A three-year-old male presented to the pediatric emergency department with headaches and vomiting. He appeared in poor general health, with reduced nutritional status and impaired vigilance. Additionally, the patient exhibited stereotypical respiratory sounds, retching and twitching with hypersalivation. Pupils were normal in size and reactivity. The patient’s medical history, including developmental milestones, was unremarkable and there was no known family history of Rhabdoid Tumor Predisposition Syndrome (RTPS). Cranial MRI-imaging revealed a tumor in the right side of the cerebellum.

Due to the unfavorable anatomical location with proximity to the brainstem and cranial nerves, only a subtotal tumor resection with a macroscopic tumor residue was performed six days after initial presentation.
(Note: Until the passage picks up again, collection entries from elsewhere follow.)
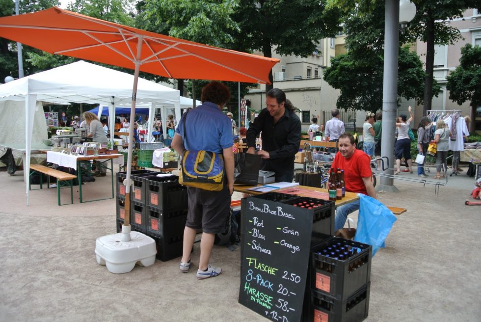 Leere Stände gab es am Matthäus-Saisonmarkt aber dennoch nicht: Frisches Gemüse und Brot, Sirup und weitere Getränke, allerlei Nonfood-Produkte, wie es im Jargon der Grossverteiler heisst, entschädigten für den Kirschenmangel. Und es gab Bier aus der unmittelbaren Nachbarschaft zu kaufen. Die Hobbybrauerei BrauBudeBasel bot ihre fünf Biersorten an. Seit einigen Monaten brauen die Bierfreunde ihren Gerstensaft in der ehemaligen Backstube an der Oetlingerstrasse 84.
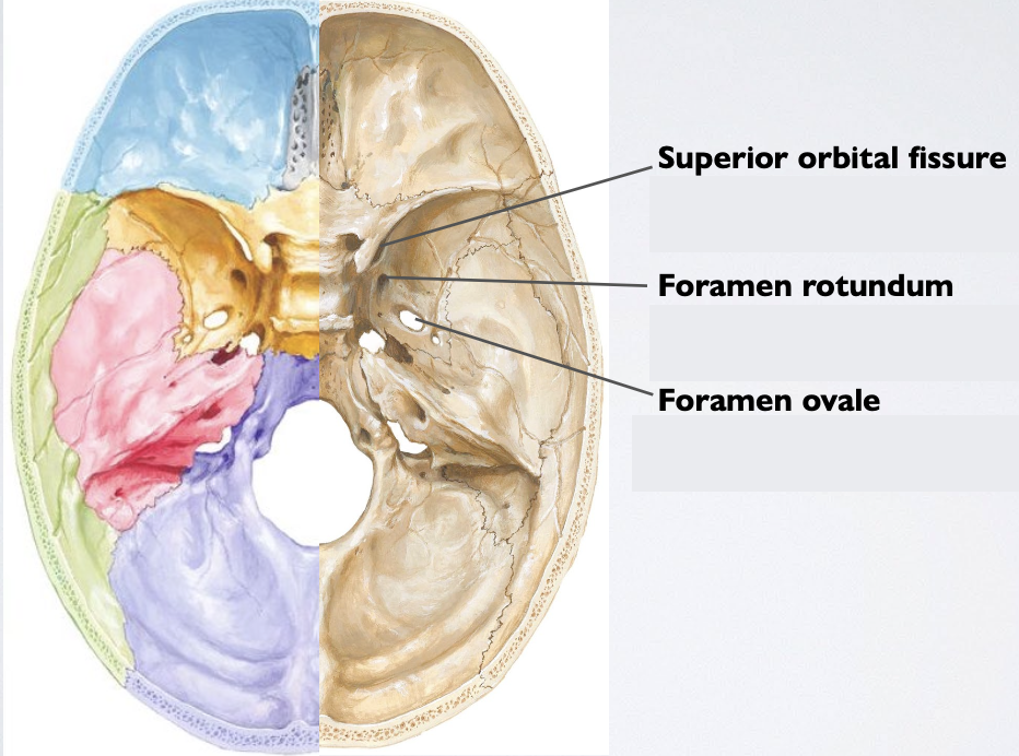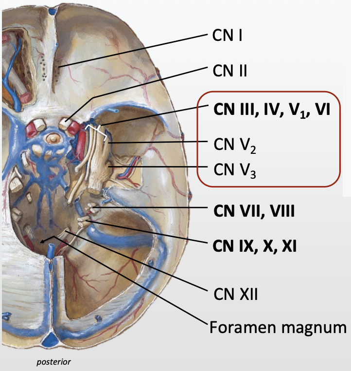 V1 (and CN III, IV, VI) → Superior orbital fissure
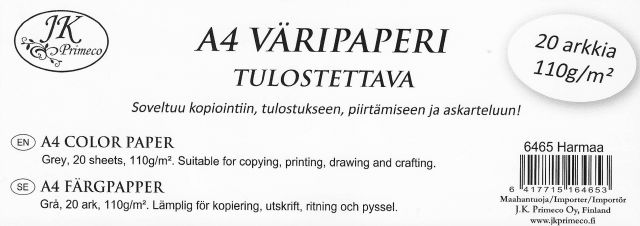 • A4-kokoinen väripaperi askarteluun, kopiointiin ja tulostukseen
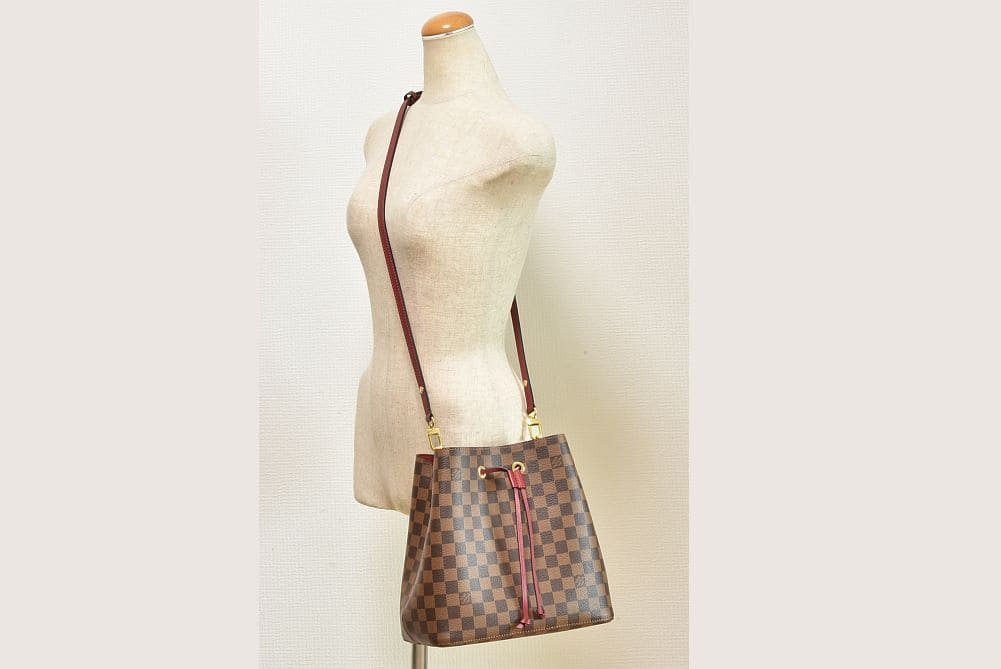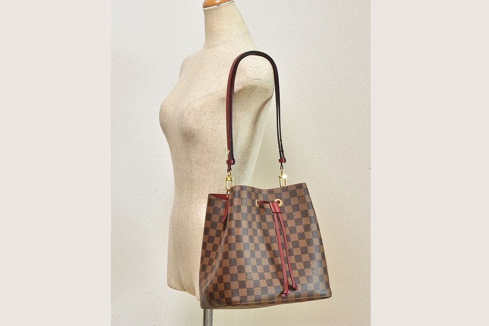 | 商品説明 | ダミエ・キャンバスとカーフレザーを組み合わせた、ショルダーストラップの長さを調整してクロスボディバッグとしてもお使いいただける機能的なバッグ『ネオノエ』でございます。金具部分やファスナーに細かなスレ、底面に若干のクセが見られますが、使用感の少ないキレイな状態でございます。 |
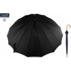 Bugatti Doorman czarny - klasyczny męski parasol. Luksusowy uchwyt z litego drewna. Elegancki kształt dachu parasola z 16-drutowym stelażem z włókna szklanego. Wytrzymały, wiatroodporny.
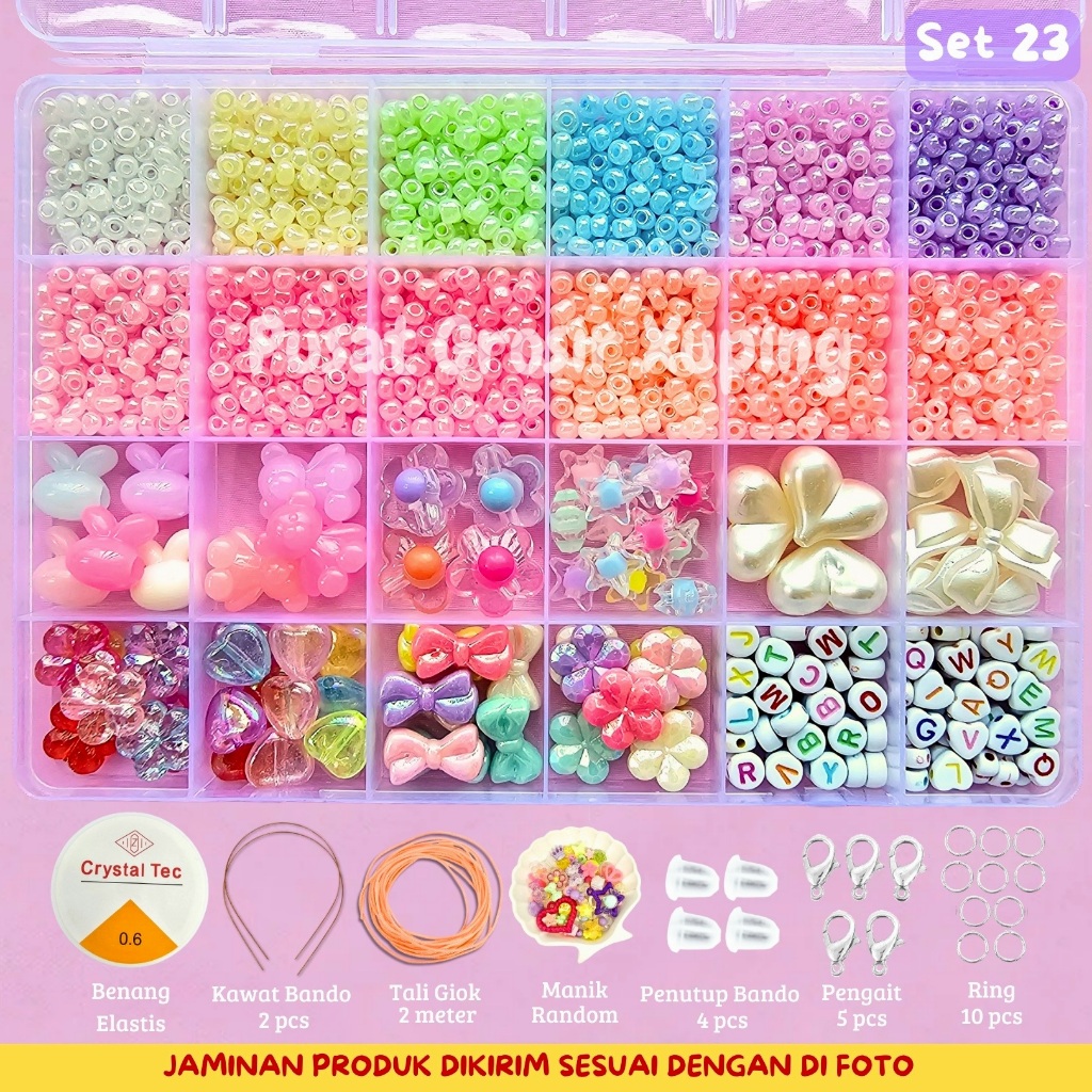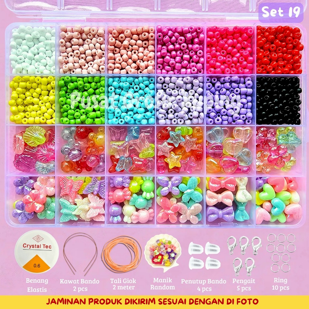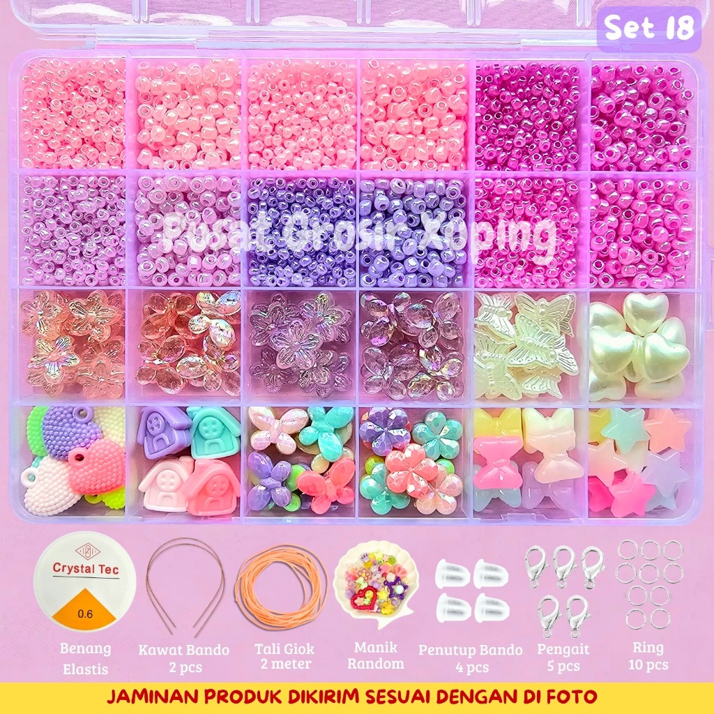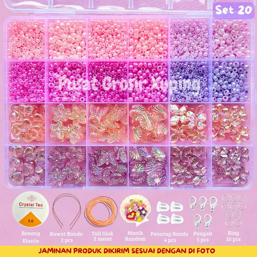 Beranda » Produk » PGX – DIY Craft Kit Gelang Manik Manik Aesthetic – Manik Manik Pasir 1 Box Lengkap – Set Pernak Pernik Meronce Mote – SM001

A Rickham reservoir was placed for the purpose of intraventricular chemotherapy and CSF analysis of methotrexate levels as well as cytology.

Results of histopathological analysis revealed a heterogenous malignant neoplasia with embryonal characteristics and immunohistochemical loss of nuclear SMARCB1/INI1 expression, while SMARCA4/BRG1 staining was retained. Ultimately, based on methylation analyses using the Infinium MethylationEPIC BeadChip assay of Illumina, the tumor was classified as ATRT-TYR according to the Heidelberg Brain Tumor Classifier (v12.8). CNV profile in this case was without any aberrations as typical for ATRT, subgroup TYR (data not shown).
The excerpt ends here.